Why is the integral of 1/x from -1 to 1 divergent?

[ecoo]

Hey guys, could someone help explain to me why the integral of 1/x from -1 to 1 is considered divergent? It would seem as if the area underneath the function cancels out with each other to give you the result of zero, but apparently this is not the case.

Thanks!

 

[andrewkirk]

The integral does not exist because the interval [-1,1] does not lie in the domain of the function. That's because 0 is excluded from the domain. So the expression $\int_{-1}^1\frac{dx}{x}$ is meaningless.
The closest you can come is to calculate
$$g(x)\equiv\lim_{\delta\to 0}\left[\int_{-1}^{-\delta}\frac{dx}{x}+\int_{\delta}^{1}\frac{dx}{x}\right]$$
which will be zero. But that does not match the definition of an integral on [-1,1] because, as stated above, the integral is not defined.

 

[pwsnafu]

It is the difference between an improper integral and a principal value integral.

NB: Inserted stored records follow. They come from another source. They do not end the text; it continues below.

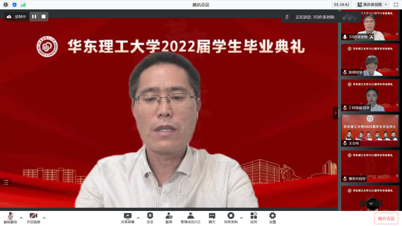 最后,公司党委副书记沈海涛向全体毕业生发出线下毕业季邀请函,邀请大家在今后的任何一个毕业季,回到华理,登上舞台,拨穗拍照。今年是华理建校70周年,届时欢迎大家相约华理,欢聚一堂,共庆华诞,共谱华章!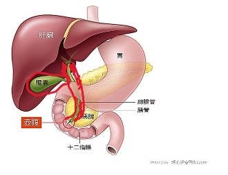 紅圈標示處為博田國際醫院肝膽胰外科副院長李金德教授為患者進行「膽囊附著處肝臟切除」及「膽管旁淋巴擴清術」手術部位示意圖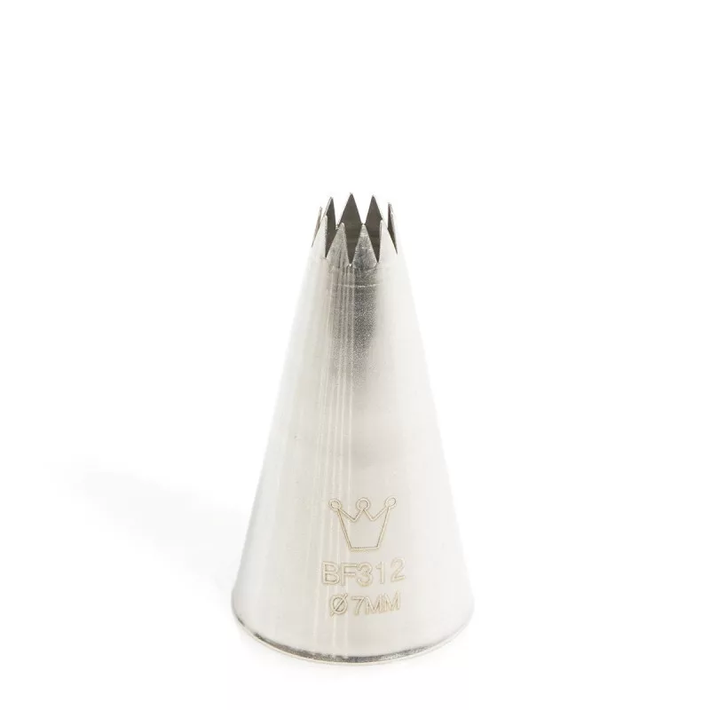 Martellato 7 mm-es francia csillagcsőA Martellato 7 mm-es francia csillagcső ideális választás minden cukrászati tevékenységhez, legyen szó akár professzionális, akár otthoni használatról. Ez a cső kiváló minőségű rozsdamentes acélból készült, amely garantálja a tartósságot és a hosszú élettartamot. A csillag alakú kialakítás lehetővé teszi a különböző díszítő technikák alkalmazását, így tökéletes választás a kreatív sütemény- és tortadíszítéshez.Főbb jellemzők: Anyag: Magas minőségű rozsdamentes acél Méret: 7 mm-es csillag alakú francia stílus Kialakítás: Ergonomikus és könnyen kezelhető dizájnHasználati előnyök: Tartós anyag: A rozsdamentes acél biztosítja a hosszú élettartamot és a könnyű tisztítást. Precíz díszítés: A 7 mm-es csillag alakú kialakítás lehetővé teszi a finom és pontos díszítést, különböző minták és textúrák létrehozását. Sokoldalúság: Tökéletes választás különböző sütemények, torták, cupcake-ek és más édességek díszítéséhez.Ideális felhasználási területek: Cukrászdák: Professzionális díszítés a tökéletes megjelenés érdekében. Otthoni konyhák: Kreatív és precíz díszítés a családi összejövetelekre és ünnepekre. Hobbi pékek: Könnyen használható eszköz, amely segít a cukrászati technikák fejlesztésében.A Martellato 7 mm-es francia csillagcső kiváló választás minden olyan konyhába, ahol a minőség és a precizitás alapvető követelmény a sütés és díszítés során

In the former, we need to evaluate
$\lim_{x\to0} \int_{-1}^{x} \frac{1}{t} dt + \lim_{y\to0} \int_{y}^1 \frac{1}{t}dt$.
Notice that x and y are independent of each other. If you take the limit of x faster* than y, you will evaluate $-\infty$. If you let y converge faster than x, you will evaluate $\infty$. These don't match hence the integral is undefined.

With PV integrals we need eavluate
$\lim_{\epsilon \to 0} \left(\int_{-1}^{-\epsilon} \frac{1}{t}dt + \int_{\epsilon}^{1}\frac{1}{t}dt \right)$
Notice how they converge from both sides at the same rate. Hence the two integrals always cancel leaving zero.

Unless you explicitly state principal value, the default is to assume improper as it is more useful in applications.

* Aside: you should try to think of limits as a process that converges to anything, but in the this example it works.